こにわ:なるほど。いま大建工業さんのWell-Beingへの取り組みのきっかけについてお話をうかがいましたが、私がこれまで何度も取材をさせていただいたうえで感じているのは、今まで大建工業さんがいろいろなことを丁寧にやってきたことが既にもうWell-Beingだったということが結構あるんじゃないかと。
駒倉:そうですね。いろいろ取り組みをしている中で人財を資本として捉える「人的資本経営」、これに長年取り組んでおりまして、弊社の中につきましても従業員一人ひとりのパフォーマンス、そういったところを最大限に発揮できるような環境づくりに昔からずっと取り組んできています。
こにわ:何か最近、国内初の認証を受けたともお聞きしているんですが、どういった評価か教えてもらえますか。
駒倉:はい。本日お越しいただいたこの「DAIKEN R&Dセンター」という研究施設なんですが、アメリカの公益企業であるIWBI(国際WELLビルディング協会=International WELL Building Institute)が実施している、人の健康やWell-Beingに関わる視点からオフィス空間を評価するWELL認証の「WELL Performance Rating(ウェルパフォーマンスレイティング)」を2024年4月に国内初取得することができました。

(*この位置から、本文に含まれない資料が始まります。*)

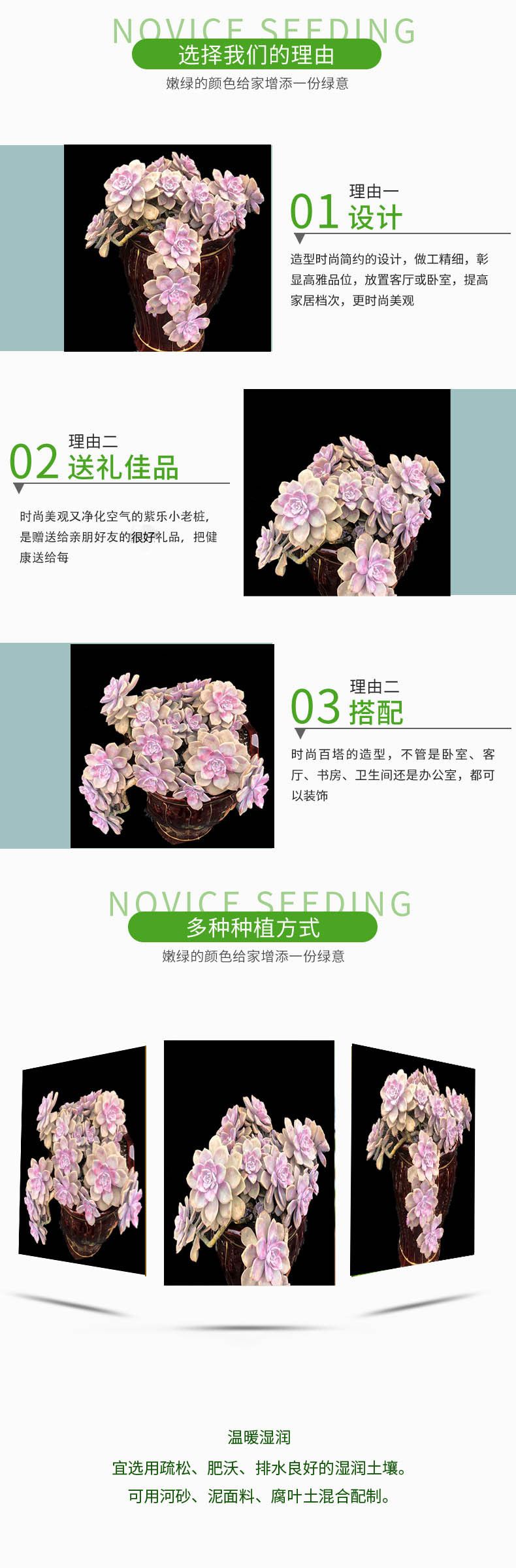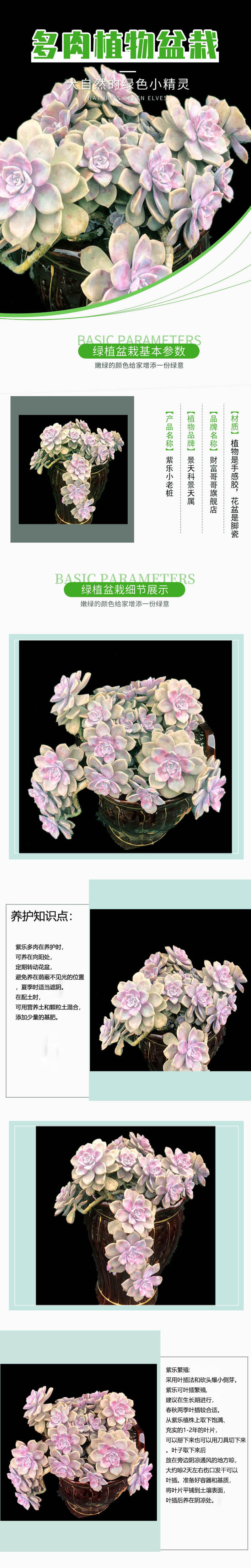 Zile Xiaolaozhu 多肉植物組み合わせ多肉植物パッケージゴージャスな風車緑の植物鉢植えオフィスピンクの花

「WELL Performance Rating」認証書
これは建物の室内環境において、光・音・空気・水・温熱・満足感の性能を評価するもので、実地評価やセンサー技術による測定で33項目の認証条件の内の21項目以上クリアする必要があります。
この「WELL Performance Rating」の取得は先ほど申し上げましたとおり国内初で、海外を含めても9例目の事例となるそうです。
こにわ:ちょっと待ってください。おめでとう(立ち上がって拍手)! いや、でも、これを受けるって国内初めてですか。すごくないですか?
駒倉:ちょっと僕もびっくりしました。
こにわ:(笑) いや、でもやっぱりそれって、ここ数年の努力だけじゃなくて、長年培ってきたものがあって、それが最終的に花として咲いたみたいな感覚が私にはあるんですが、その辺、いかがですか。
駒倉:そうですね、この「DAIKEN R&Dセンター」は2018年10月に開所したんですけども、実はオフィス環境自体はその時からずっとそのままなんですよ。だから、開所当時からWell-Beingな環境だったと証明されたことになるんですね。
こにわ:灯台下暗しっていう言い方が合ってるかわかりませんけど、実は自分たちが働いていた環境がもう既にWell-Beingだったんだって、改めてこの認証で気づいたわけですよね。
駒倉:はい。

こにわ:もう一つ言わせてもらっていいですか。よく気付いた! おめでとう(拍手)(笑)。いや、でも何か、こういう評価を取得できたことを 誇りに思いませんか?
駒倉:そうですね。正直、国内初はほんとにびっくりしましたし、世界でも9例目って聞きまして、なかなかレアな評価をいただいたなって思っています。
快適性を追求した、Well-Beingな施設空間づくりを提案
こにわ:従業員の働きやすさを考えて自主的にやってきたことが、そのままWell-Beingにつながり、海外の機関にあらためて評価されたというのは素晴らしいですよね。
ちなみに「DAIKEN R&Dセンター」の設計のこだわりはどのあたりなんでしょうか。
駒倉:そうですね。この「DAIKEN R&Dセンター」は、弊社の建材や様々な知見を用いて設計されていまして、例えばですが、先程もチラッと話に出た仕切りのないワンプレートオフィスであったり、いま取材していただいているこの場所もそうなのですが、別の場所にある階段踊り場にはコミュニケーションスタジアムというものもあります。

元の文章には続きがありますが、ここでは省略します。